Offsetting Disagreement and Security Prices* Byoung-Hyoun Hwang Cornell University and Korea University
[email protected] Dong Lou London School of Economics and CEPR
[email protected] Chengxi Yin Renmin University of China
[email protected] First Draft, March 2013 This Draft: October 2017 * We thank Nick Barberis, Joe Chen, James Choi, Lauren Cohen, Zhi Da, Kent Daniel, Karl Diether, John Hand, Nick Hirschey, Seung Hyun Kim, Matti Keloharju, Ralph Koijen, Chris Malloy, Lasse Pedersen, Christopher Polk, Anna Scherbina, David Solomon, Michela Verardo, Jeff Wurgler, Bu Xu, Sterling Yan, and seminar participants at Central University of Finance and Economics, Fordham University, Indiana University, London Business School, London School of Economics, Purdue University, Renmin University, University of Delaware, Zhejiang University, the 2014 American Finance Association Annual Meeting, the 2014 Helsinki Finance Summit, and the 2014 Finance Symposium on “Information and Asset Prices” for helpful comments and suggestions.

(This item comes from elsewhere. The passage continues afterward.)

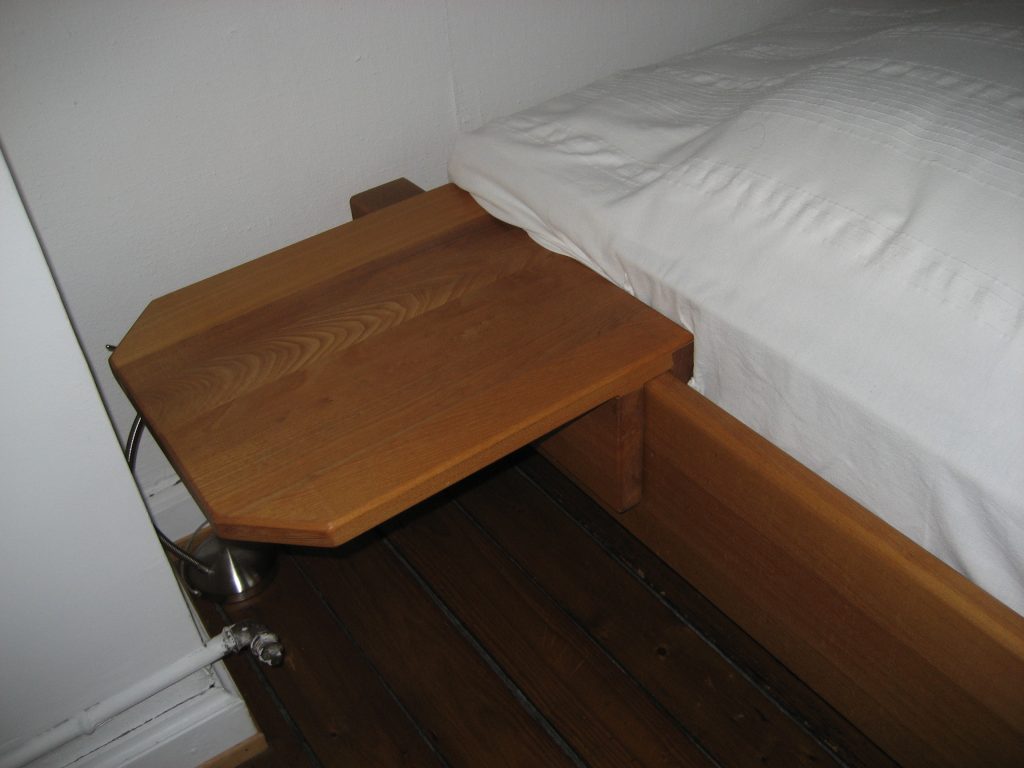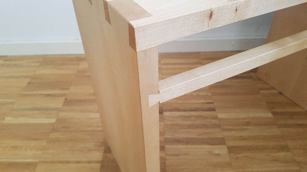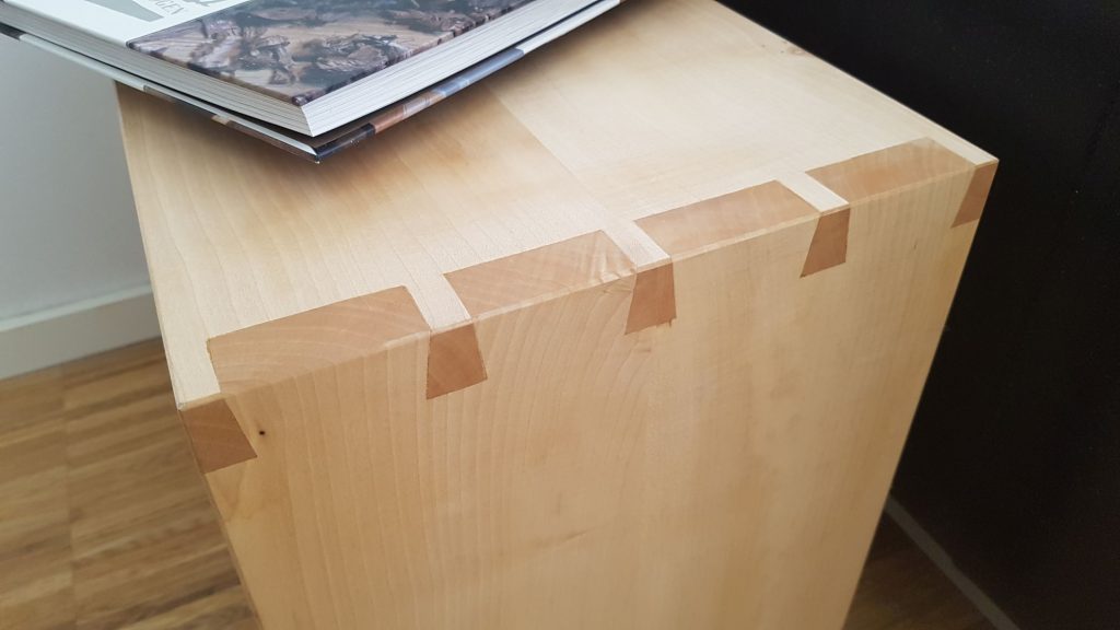 Der Beistellhocker aus massivem Ahorn dient zum Ablegen von Büchern oder Zeitschriften neben der Couch. Die Schwalbenschwanzverbindungen wurden großzügig ausgelegt. An der Rückseite wurde eine Leiste befestigt, um z.B. die Kabel eines kleinen Lautsprechers daran zu befestigen. Als Werkzeuge wurden unter anderem ein Veritas Streichmaß, Dictum Handhobel, Stemmeisen sowie eine Rückensäge aus dem Sägenbau-Kurs mit Peter Lanz verwendet. Die Oberfläche wurde mit Mohnöl behandelt.

We also thank Moqi Xu and Lauren Cohen for sharing with us some of the data used in this study. We are grateful for funding from the Paul Woolley Center at the London School of Economics. Offsetting Disagreement and Security Prices Abstract Portfolios often trade at substantial discounts relative to the sums of their components (e.g., closed-end funds). We propose a simple, unifying explanation for this phenomenon: Investors often disagree about the value of each individual component; as long as investors’ relative views are not perfectly and positively correlated across components (“investor beliefs cross”), disagreement partially offsets at the portfolio level. That is, investors generally disagree less at the portfolio level than at the individual component level.